*** Information shown Section Begins ***

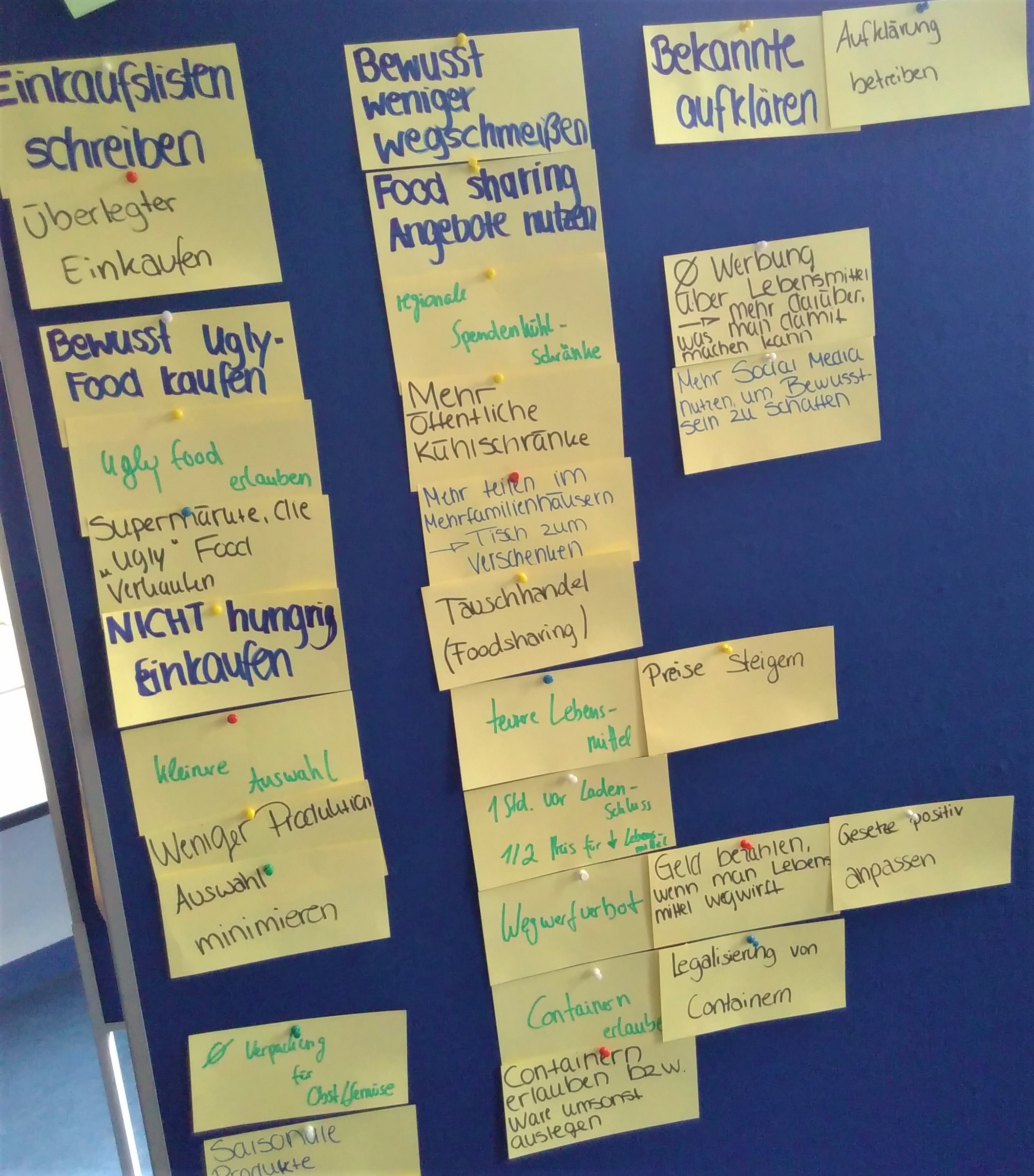 Politische Forderungen wurden u.a. aus den durchgeführten Bildungsveranstaltungen hergeleitet, in denen mit den Teilnehmer*innen Rahmenbedingungen für einen wirkungsvollen Einsatz gegen Lebensmittelverschwendung erörtert wurden. Für die Durchführung der Politikgespräche sowie für vorbereitende Tätigkeiten, Öffentlichkeitsarbeit und Dokumentation wurden umfangreiche Materialien erstellt.
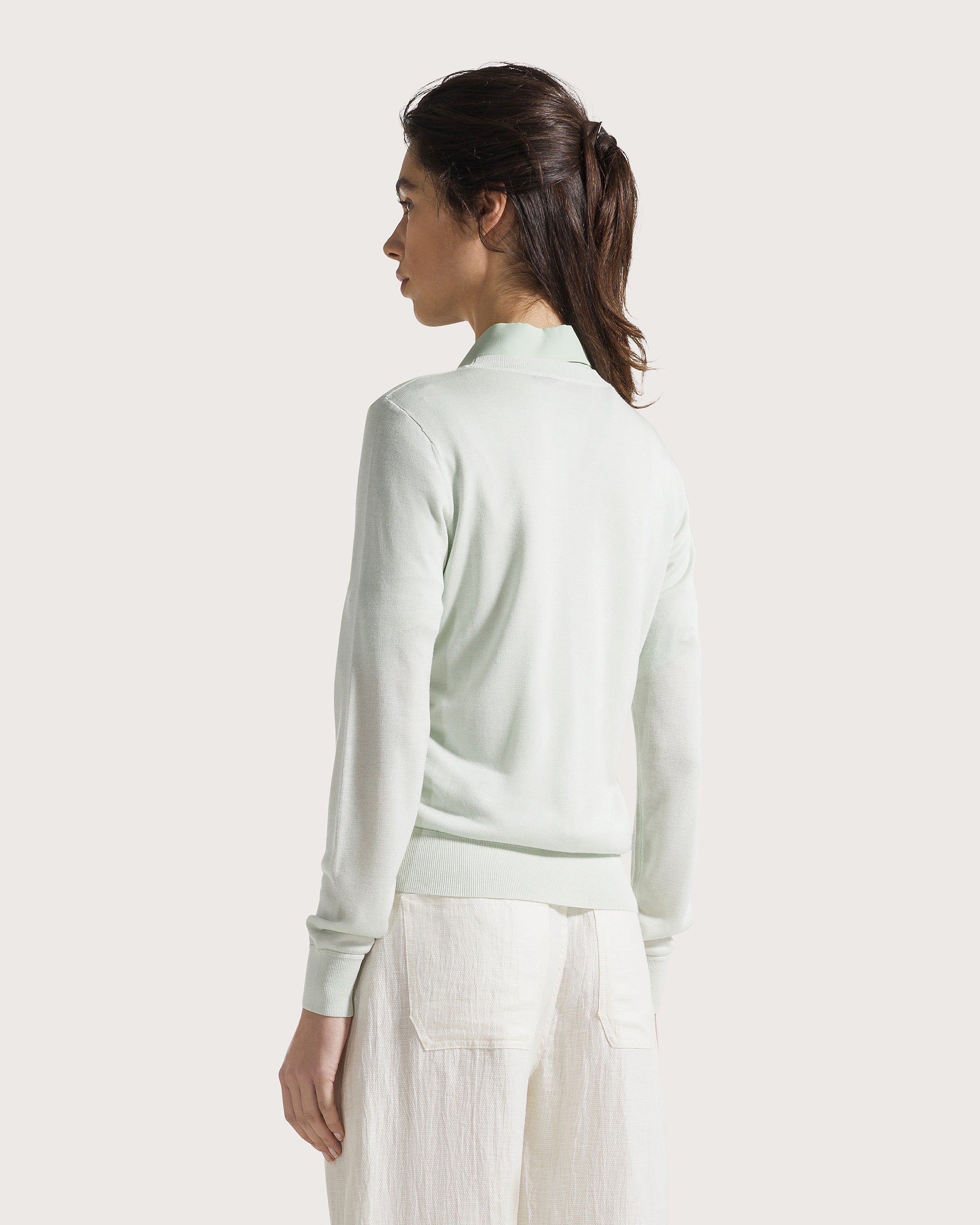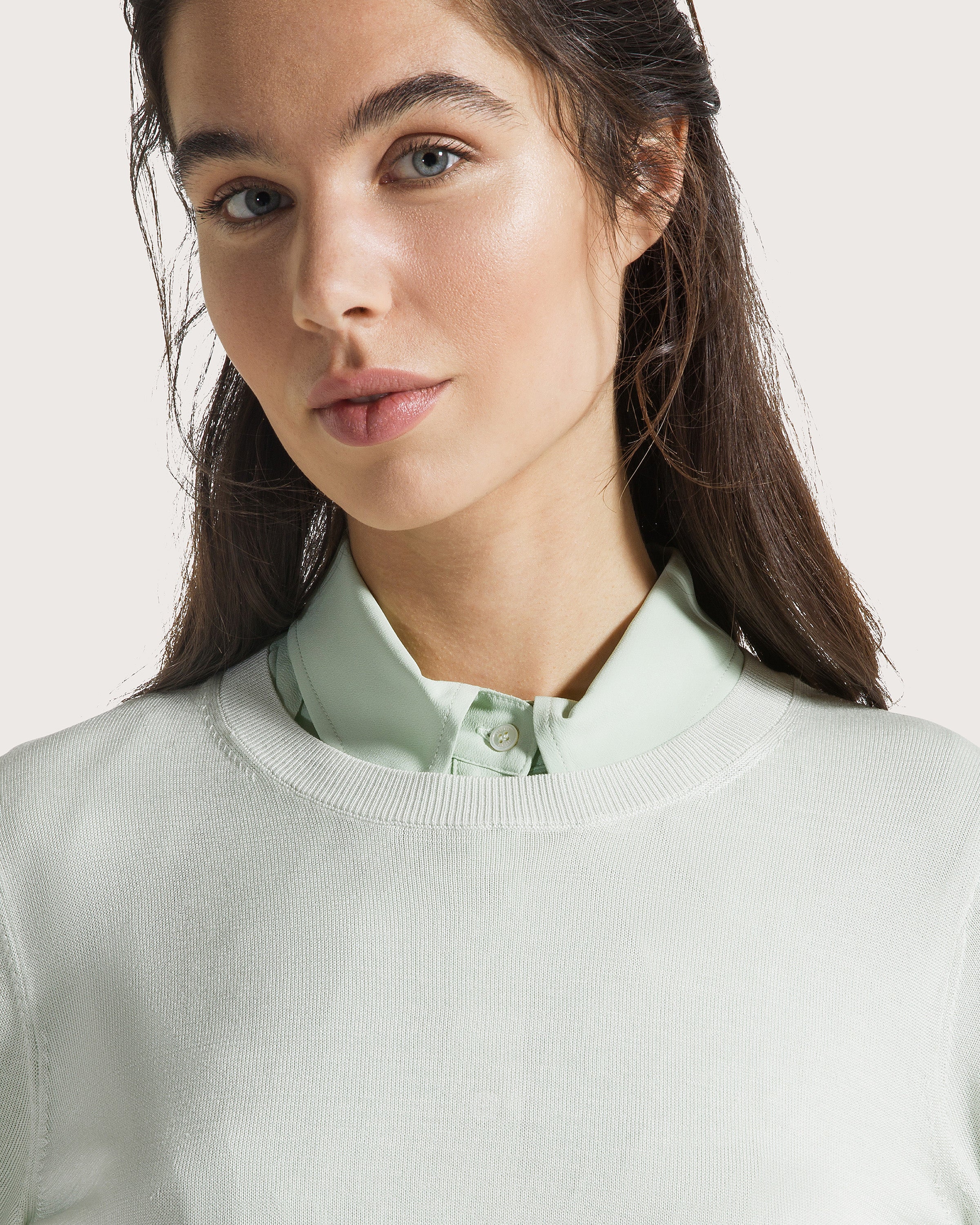 Long-sleeved crewneck sweater in viscose silk.
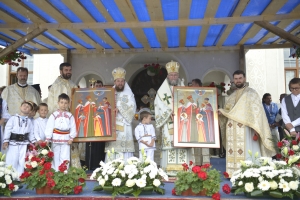 Într-un gest de reciprocitate și adâncă prețuire, Preasfințitul Părinte Iustin și Preasfințitul Părinte Timotei Sătmăreanul au primit din partea preoților și a credincioșilor câte o frumoasă icoană a Sfinților Martiri Brâncoveni.
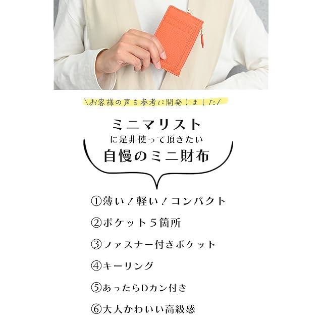 ✅・重さ約40gの軽量・薄型設計のカードケースです。片側にマチがあるのでぱっくり開いて中身が見やすい。ストラップにぶら下げても負担がかかりにくく、ミニバッグの中でも場所を取りません。
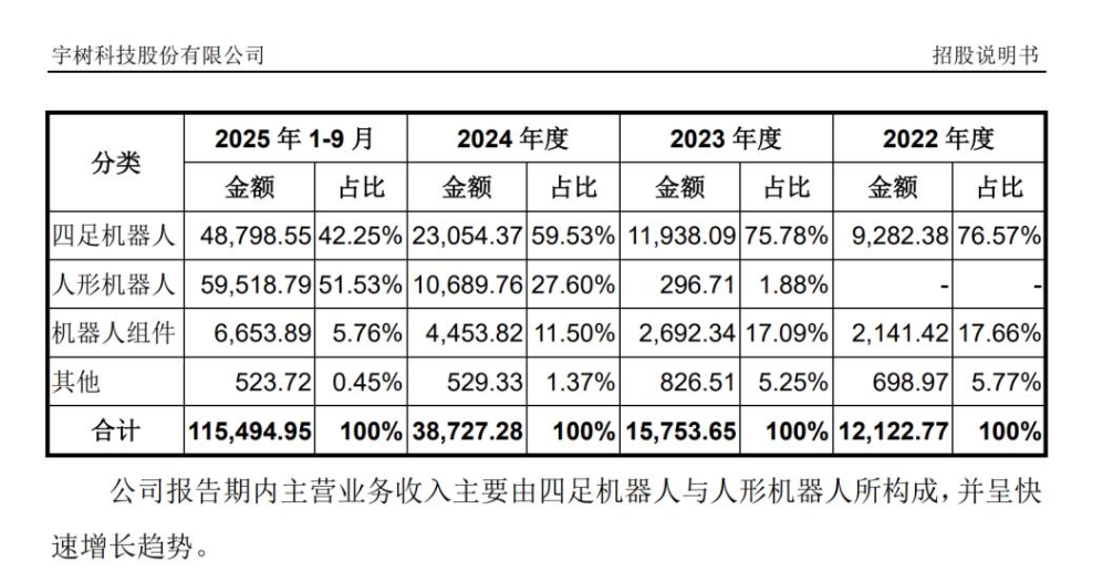 報告期內(nèi),宇樹科技主營業(yè)務(wù)收入由四足機(jī)器人與人形機(jī)器人所構(gòu)成。2022年、2023年、2024年以及2025年1—9月,四足機(jī)器人收入占比逐步下降,從76.57%降至42.25%,人形機(jī)器人收入占比逐步提升,從2023年占比1.88%,到2025年1—9月達(dá)到51.53%。
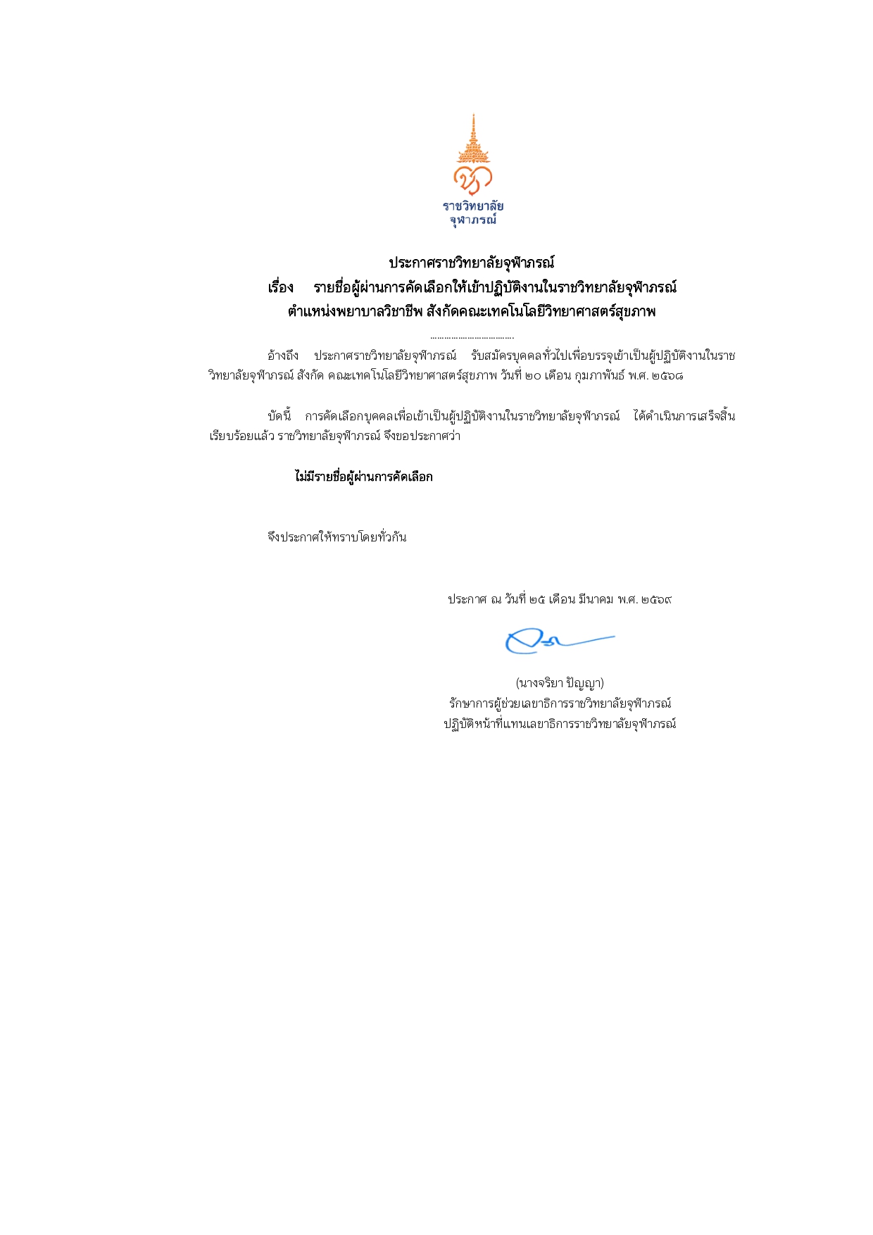 ประกาศรายชื่อผู้ผ่านการคัดเลือกให้เข้าปฏิบัติงานในราชวิทยาลัยจุฬาภรณ์ ตำแหน่ง นักวิชาการคอมพิวเตอร์ (วิเคราะห์และออกแบบระบบ) สังกัดงานวิเคราะห์และพัฒนาโปรแกรม ด้านการบริการสุขภาพ ฝ่ายเทคโนโลยีสารสนเทศ
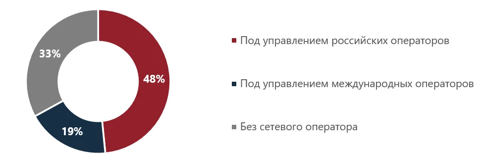 В 2025 году под управлением международных операторов открылся один объект – Radisson Hotel Пермь 5* на 156 номеров под управлением Radisson Hotel Group. На конец 2025 года доля номерного фонда, находящегося под управлением международных операторов, составляет 19%.
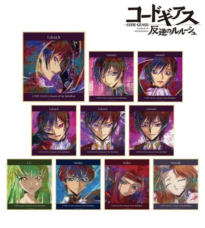 ルルーシュ、C.C.、スザク、カレン、ナナリーを新たなタッチで魅力的に表現し、ミニ色紙に仕上げました。

*** Information shown Section Ends ***

Task prompt
Would you copy out the data exactly, leaving every picture out?

Response area
 Politische Forderungen wurden u.a. aus den durchgeführten Bildungsveranstaltungen hergeleitet, in denen mit den Teilnehmer*innen Rahmenbedingungen für einen wirkungsvollen Einsatz gegen Lebensmittelverschwendung erörtert wurden. Für die Durchführung der Politikgespräche sowie für vorbereitende Tätigkeiten, Öffentlichkeitsarbeit und Dokumentation wurden umfangreiche Materialien erstellt.
 Long-sleeved crewneck sweater in viscose silk.
 Într-un gest de reciprocitate și adâncă prețuire, Preasfințitul Părinte Iustin și Preasfințitul Părinte Timotei Sătmăreanul au primit din partea preoților și a credincioșilor câte o frumoasă icoană a Sfinților Martiri Brâncoveni.
 ✅・重さ約40gの軽量・薄型設計のカードケースです。片側にマチがあるのでぱっくり開いて中身が見やすい。ストラップにぶら下げても負担がかかりにくく、ミニバッグの中でも場所を取りません。
 報告期內(nèi),宇樹科技主營業(yè)務(wù)收入由四足機(jī)器人與人形機(jī)器人所構(gòu)成。2022年、2023年、2024年以及2025年1—9月,四足機(jī)器人收入占比逐步下降,從76.57%降至42.25%,人形機(jī)器人收入占比逐步提升,從2023年占比1.88%,到2025年1—9月達(dá)到51.53%。
 ประกาศรายชื่อผู้ผ่านการคัดเลือกให้เข้าปฏิบัติงานในราชวิทยาลัยจุฬาภรณ์ ตำแหน่ง นักวิชาการคอมพิวเตอร์ (วิเคราะห์และออกแบบระบบ) สังกัดงานวิเคราะห์และพัฒนาโปรแกรม ด้านการบริการสุขภาพ ฝ่ายเทคโนโลยีสารสนเทศ
 В 2025 году под управлением международных операторов открылся один объект – Radisson Hotel Пермь 5* на 156 номеров под управлением Radisson Hotel Group. На конец 2025 года доля номерного фонда, находящегося под управлением международных операторов, составляет 19%.
 ルルーシュ、C.C.、スザク、カレン、ナナリーを新たなタッチで魅力的に表現し、ミニ色紙に仕上げました。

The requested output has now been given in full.